== Material provided ==
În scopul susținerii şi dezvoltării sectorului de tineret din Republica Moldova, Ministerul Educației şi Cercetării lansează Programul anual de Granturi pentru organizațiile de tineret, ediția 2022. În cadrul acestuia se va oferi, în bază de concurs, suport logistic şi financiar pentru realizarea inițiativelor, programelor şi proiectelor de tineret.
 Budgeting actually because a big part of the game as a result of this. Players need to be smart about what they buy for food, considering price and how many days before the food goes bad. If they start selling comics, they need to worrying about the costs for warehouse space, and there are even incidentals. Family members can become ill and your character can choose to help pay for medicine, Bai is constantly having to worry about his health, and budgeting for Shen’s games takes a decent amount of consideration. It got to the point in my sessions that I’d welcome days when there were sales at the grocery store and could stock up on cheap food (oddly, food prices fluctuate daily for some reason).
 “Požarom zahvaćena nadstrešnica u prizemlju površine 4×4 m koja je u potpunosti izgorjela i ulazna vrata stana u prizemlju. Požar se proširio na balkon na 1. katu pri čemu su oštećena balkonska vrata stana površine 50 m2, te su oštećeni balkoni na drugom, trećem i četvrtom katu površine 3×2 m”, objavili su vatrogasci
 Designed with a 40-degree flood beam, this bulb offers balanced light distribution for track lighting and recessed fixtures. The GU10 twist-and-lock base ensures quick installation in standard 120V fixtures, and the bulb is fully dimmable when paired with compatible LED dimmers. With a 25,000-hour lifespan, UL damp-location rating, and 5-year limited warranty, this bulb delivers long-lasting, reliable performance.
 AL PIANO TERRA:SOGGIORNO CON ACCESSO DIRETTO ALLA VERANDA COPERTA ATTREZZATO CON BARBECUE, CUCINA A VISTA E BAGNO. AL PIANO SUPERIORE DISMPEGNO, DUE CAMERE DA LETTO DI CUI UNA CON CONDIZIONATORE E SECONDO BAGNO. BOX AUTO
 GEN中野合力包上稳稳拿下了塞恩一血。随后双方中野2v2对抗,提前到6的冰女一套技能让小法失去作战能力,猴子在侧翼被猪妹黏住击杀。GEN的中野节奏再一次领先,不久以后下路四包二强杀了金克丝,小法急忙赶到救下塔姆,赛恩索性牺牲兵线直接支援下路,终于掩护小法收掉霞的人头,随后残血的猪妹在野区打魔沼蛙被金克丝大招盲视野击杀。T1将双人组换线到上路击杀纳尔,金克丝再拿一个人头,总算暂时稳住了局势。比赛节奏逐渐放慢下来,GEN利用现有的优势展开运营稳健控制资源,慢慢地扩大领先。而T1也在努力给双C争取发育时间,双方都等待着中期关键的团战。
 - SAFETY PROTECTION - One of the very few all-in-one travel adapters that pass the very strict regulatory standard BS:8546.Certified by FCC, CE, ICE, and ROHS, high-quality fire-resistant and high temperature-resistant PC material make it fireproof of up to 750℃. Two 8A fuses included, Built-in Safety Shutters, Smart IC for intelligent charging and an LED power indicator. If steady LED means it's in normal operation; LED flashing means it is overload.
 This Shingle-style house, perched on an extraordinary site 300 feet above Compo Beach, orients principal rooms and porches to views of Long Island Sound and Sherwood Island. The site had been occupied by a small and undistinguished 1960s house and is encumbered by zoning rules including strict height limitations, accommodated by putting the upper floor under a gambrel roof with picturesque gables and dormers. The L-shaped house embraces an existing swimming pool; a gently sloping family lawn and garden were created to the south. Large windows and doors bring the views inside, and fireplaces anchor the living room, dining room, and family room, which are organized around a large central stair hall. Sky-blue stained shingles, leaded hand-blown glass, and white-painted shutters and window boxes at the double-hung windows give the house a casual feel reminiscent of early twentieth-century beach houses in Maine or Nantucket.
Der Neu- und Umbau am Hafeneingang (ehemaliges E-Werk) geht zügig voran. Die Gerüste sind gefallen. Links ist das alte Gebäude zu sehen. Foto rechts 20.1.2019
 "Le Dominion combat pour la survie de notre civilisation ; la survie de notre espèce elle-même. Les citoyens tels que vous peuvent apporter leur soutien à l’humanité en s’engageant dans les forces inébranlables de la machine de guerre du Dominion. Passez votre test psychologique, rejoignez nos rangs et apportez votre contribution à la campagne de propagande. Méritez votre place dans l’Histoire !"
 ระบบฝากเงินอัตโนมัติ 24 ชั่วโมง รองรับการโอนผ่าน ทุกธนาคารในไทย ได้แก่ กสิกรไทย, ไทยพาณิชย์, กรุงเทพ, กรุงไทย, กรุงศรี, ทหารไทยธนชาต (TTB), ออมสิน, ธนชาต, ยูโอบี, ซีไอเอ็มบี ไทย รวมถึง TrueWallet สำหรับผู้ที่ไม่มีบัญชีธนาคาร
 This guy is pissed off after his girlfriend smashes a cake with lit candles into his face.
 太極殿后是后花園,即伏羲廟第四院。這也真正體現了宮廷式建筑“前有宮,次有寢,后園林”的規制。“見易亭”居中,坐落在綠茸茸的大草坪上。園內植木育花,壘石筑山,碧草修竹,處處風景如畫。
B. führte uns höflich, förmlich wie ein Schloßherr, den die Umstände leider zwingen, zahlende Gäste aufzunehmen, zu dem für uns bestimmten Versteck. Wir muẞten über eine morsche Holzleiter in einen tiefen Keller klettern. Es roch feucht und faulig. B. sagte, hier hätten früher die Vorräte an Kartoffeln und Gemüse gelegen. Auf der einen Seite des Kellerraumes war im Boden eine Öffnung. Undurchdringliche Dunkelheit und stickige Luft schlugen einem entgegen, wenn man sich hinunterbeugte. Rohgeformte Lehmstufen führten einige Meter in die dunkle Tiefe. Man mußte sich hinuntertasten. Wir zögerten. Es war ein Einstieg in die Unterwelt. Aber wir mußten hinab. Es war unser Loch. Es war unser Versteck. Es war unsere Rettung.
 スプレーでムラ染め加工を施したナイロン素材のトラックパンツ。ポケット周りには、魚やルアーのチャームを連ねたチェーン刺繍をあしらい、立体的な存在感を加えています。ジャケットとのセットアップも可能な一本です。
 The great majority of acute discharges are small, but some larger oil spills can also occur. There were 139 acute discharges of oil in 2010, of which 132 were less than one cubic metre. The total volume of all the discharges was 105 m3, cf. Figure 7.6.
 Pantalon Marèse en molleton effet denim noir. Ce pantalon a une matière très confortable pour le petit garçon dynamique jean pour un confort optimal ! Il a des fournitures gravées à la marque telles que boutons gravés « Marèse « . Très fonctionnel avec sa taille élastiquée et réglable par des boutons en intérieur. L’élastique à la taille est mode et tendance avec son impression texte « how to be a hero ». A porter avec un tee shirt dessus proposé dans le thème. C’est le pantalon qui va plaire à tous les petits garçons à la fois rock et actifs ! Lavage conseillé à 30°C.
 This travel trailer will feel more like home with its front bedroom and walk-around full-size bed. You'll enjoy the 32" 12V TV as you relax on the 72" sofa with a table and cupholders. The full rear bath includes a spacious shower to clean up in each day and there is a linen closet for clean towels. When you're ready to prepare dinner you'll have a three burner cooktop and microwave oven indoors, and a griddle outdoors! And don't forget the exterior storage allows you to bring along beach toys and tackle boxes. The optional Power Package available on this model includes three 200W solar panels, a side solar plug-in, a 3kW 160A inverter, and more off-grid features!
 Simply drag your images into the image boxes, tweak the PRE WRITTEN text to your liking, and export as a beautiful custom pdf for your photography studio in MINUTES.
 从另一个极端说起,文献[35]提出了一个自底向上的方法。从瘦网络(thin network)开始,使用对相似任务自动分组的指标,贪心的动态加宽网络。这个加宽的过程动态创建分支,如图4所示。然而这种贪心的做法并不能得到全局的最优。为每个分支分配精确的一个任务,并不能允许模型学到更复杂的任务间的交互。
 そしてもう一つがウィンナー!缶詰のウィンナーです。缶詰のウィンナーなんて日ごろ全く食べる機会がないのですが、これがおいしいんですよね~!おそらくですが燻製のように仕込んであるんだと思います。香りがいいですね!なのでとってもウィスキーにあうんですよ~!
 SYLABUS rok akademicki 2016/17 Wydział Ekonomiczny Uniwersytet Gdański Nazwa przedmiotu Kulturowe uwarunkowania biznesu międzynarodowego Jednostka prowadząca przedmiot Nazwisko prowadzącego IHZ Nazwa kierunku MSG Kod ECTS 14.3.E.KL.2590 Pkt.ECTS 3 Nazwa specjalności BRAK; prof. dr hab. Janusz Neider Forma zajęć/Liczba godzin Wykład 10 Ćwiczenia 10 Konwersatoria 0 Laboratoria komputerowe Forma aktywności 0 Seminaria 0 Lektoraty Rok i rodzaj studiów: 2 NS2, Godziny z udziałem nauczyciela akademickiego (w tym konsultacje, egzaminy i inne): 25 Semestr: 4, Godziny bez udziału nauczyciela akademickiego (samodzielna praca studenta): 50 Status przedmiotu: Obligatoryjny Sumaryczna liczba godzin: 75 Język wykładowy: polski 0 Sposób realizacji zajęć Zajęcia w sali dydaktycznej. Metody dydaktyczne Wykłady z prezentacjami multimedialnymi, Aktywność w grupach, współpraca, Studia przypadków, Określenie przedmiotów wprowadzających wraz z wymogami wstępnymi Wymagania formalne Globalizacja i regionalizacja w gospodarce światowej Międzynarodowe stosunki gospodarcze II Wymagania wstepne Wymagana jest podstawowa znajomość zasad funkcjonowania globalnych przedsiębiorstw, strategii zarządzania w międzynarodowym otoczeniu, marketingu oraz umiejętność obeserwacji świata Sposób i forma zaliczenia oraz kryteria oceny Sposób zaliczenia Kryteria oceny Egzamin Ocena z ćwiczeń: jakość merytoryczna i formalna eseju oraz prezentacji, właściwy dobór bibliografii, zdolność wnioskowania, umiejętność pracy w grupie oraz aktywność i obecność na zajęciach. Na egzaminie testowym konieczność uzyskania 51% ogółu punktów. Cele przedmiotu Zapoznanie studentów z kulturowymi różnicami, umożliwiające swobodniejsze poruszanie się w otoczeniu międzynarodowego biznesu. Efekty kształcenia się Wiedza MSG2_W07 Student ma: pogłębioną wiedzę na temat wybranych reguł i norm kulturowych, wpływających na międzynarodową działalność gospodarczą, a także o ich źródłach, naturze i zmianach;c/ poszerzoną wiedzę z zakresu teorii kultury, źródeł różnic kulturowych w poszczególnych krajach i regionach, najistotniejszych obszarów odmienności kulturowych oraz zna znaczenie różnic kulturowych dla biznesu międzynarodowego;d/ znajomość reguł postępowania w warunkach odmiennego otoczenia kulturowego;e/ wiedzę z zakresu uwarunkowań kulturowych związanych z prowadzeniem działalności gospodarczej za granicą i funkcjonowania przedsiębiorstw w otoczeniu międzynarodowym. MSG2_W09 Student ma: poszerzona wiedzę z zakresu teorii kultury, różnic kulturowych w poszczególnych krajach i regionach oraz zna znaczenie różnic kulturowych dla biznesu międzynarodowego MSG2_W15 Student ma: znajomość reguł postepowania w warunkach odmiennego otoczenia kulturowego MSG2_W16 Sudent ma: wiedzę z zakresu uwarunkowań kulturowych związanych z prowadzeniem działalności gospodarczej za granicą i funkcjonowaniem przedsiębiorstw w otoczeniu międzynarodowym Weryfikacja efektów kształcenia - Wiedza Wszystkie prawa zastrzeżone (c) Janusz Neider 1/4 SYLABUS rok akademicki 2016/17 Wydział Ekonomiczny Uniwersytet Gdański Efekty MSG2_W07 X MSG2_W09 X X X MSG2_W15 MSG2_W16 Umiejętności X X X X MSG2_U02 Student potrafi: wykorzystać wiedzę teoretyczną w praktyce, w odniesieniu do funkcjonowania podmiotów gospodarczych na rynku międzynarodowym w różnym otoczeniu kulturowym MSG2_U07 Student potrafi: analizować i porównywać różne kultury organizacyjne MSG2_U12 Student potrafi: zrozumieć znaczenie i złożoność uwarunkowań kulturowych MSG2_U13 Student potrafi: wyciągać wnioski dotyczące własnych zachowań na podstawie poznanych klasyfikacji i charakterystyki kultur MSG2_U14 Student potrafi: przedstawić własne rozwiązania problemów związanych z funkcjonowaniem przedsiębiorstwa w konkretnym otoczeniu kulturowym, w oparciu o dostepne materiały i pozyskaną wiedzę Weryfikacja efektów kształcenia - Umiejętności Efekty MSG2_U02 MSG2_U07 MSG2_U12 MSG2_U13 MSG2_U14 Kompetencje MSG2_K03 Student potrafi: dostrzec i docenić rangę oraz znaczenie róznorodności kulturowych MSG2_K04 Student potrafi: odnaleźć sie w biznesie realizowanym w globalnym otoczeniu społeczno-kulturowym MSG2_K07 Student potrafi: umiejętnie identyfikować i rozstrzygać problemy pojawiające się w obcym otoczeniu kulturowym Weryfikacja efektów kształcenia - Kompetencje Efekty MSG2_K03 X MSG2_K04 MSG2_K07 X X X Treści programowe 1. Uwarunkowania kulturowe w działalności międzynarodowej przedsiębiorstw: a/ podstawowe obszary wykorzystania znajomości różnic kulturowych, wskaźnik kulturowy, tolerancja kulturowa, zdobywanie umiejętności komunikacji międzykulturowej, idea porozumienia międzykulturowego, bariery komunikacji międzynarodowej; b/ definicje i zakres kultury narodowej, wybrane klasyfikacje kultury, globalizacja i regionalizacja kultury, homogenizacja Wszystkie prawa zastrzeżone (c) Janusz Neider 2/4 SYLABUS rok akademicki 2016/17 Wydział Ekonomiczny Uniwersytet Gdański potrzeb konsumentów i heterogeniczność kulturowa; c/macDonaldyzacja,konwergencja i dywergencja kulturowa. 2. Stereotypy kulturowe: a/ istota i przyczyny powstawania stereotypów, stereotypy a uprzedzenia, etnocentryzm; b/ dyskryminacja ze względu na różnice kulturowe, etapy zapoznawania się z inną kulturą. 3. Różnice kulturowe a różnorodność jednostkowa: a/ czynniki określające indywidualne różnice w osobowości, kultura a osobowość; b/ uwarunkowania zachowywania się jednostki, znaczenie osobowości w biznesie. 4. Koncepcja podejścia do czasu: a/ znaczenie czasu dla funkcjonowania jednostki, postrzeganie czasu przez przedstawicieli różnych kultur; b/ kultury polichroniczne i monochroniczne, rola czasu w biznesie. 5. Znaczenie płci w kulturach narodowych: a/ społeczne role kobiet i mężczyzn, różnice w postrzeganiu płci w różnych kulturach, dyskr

== What to do ==
Look over the records above, and wherever a line contains the string "into", copy that line.

== Written response ==
 This guy is pissed off after his girlfriend smashes a cake with lit candles into his face.
 Simply drag your images into the image boxes, tweak the PRE WRITTEN text to your liking, and export as a beautiful custom pdf for your photography studio in MINUTES.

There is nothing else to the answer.